In unprepared remarks he said that the Earth should be allowed to give her fruits without being exploited. “When I look at America, also my homeland (South America), so many forests, all cut, that have become land . . . that can longer give life. This is our sin, exploiting the Earth and not allowing her to give us what she has within her,” he said.
This isn’t the first time the Pope has called environmental exploitation a sin. Back in May he made similar remarks before a crowd in Rome. “But when we exploit Creation we destroy the sign of God’s love for us, in destroying Creation we are saying to God: ‘I don’t like it! This is not good!’ ‘So what do you like?’ ‘I like myself!’ – Here, this is sin!

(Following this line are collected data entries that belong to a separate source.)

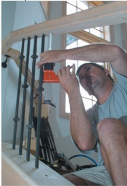
5. Apply epoxy in hole for baluster on top.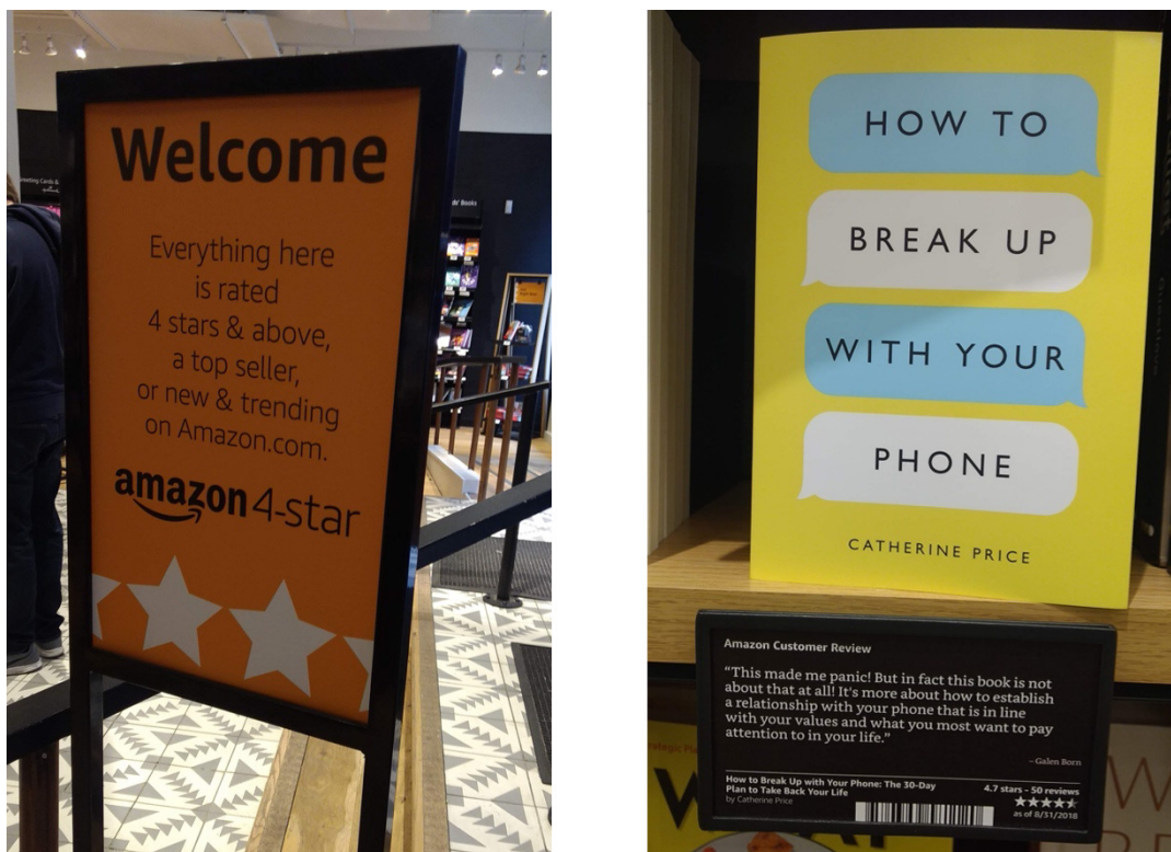
Figure 1. Signage at Amazon 4-Star in New York City.

Around the time of Prime's launch in 2005, social media platforms began to explode. Facebook groups and other online spaces, eventually including Slack, Discord, Telegram, and subreddits, became convenient places to recruit people willing to write glowing reviews and leave five-star ratings in exchange for a fee, or even just for the free product or a rebate (Nguyen, 2018a). Sellers also buy Facebook ads offering free products, linking users to chat-bots that organize the entire transaction (Nguyen, 2019a).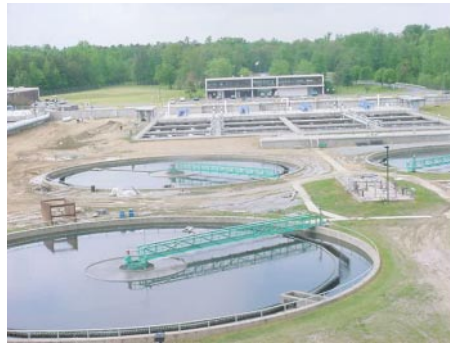
T. Z. Osborne Plant (located off of Huffine Mill Road)

Both City water reclamation facilities are large, complex, plants that use physical, chemical, and biological processes to clean the wastewater. It is screened and settled to remove most suspended materials, but the heart of the plant is a biological process that uses bacterial cultures to remove the largest part of the suspended and dissolved wastes that are produced within the city. This biological process, called activated sludge, is sensitive to temperature, high flows produced by rainfall leaking into sewers, and toxic discharges that can be produced by industries or even homes. This sensitivity to factors largely beyond the control of the operators of the plants makes them susceptible to process upsets that can result in discharging constituents beyond the amount permitted by regulating authorities.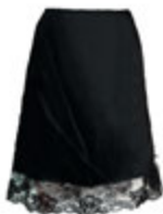
ECB878/04 Half Skirt

AUSTRALIA : 8-16 UK : XS-XL US : XS-XL (4-8) EUROPE : XS-XL (36-44) FRANCE : XS-XL (38-46)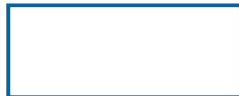
Mural designed by Leonard Gonzales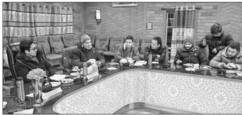
During the celebration of the International Mother Language day organised by Ladakh Academy of Art Culture and Languages (LAACL) Kargil.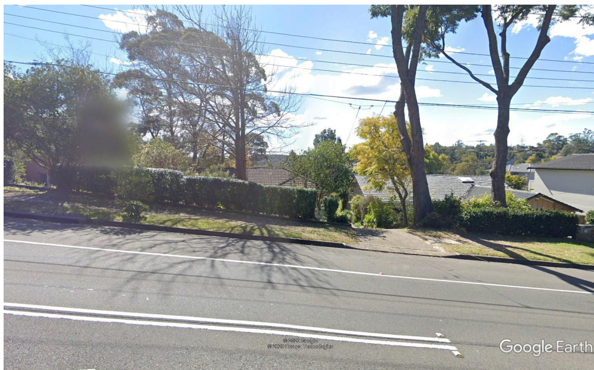
View of the adjoining western property

Do you see?” The Pope’s remarks called on the listeners to be “Custodians of Creation.”
While Pope Francis should surely be credited with drawing awareness to environmental issues (with regard to deforestation, swaths of forests the size of Panama are lost every year), we at EdenKeeper have questioned whether the pontiff and the Holy See could do more to practice what they preach. The Catholic Church has made no indication that it intends to follow the many religious groups divesting from fossil fuels, even though the Pope received a multi-faith letter from religious groups requesting that the Catholic Church divest earlier this year. And its policies still advocate eating meat — one of the biggest causes of greenhouse gas emissions — and condemn contraceptive and family-planning policies.
Pope Francis has taken the name of Francis of Assisi, the patron saint of ecology, and has repeatedly made it clear that he denounces environmentally harmful practices like fracking and mining. He definitely seems to advocate environmentalism on the surface. But there remains an important — and glaring — difference between the Pope and his namesake. Saint Francis lived the message he advocated, Pope Francis simply advocates.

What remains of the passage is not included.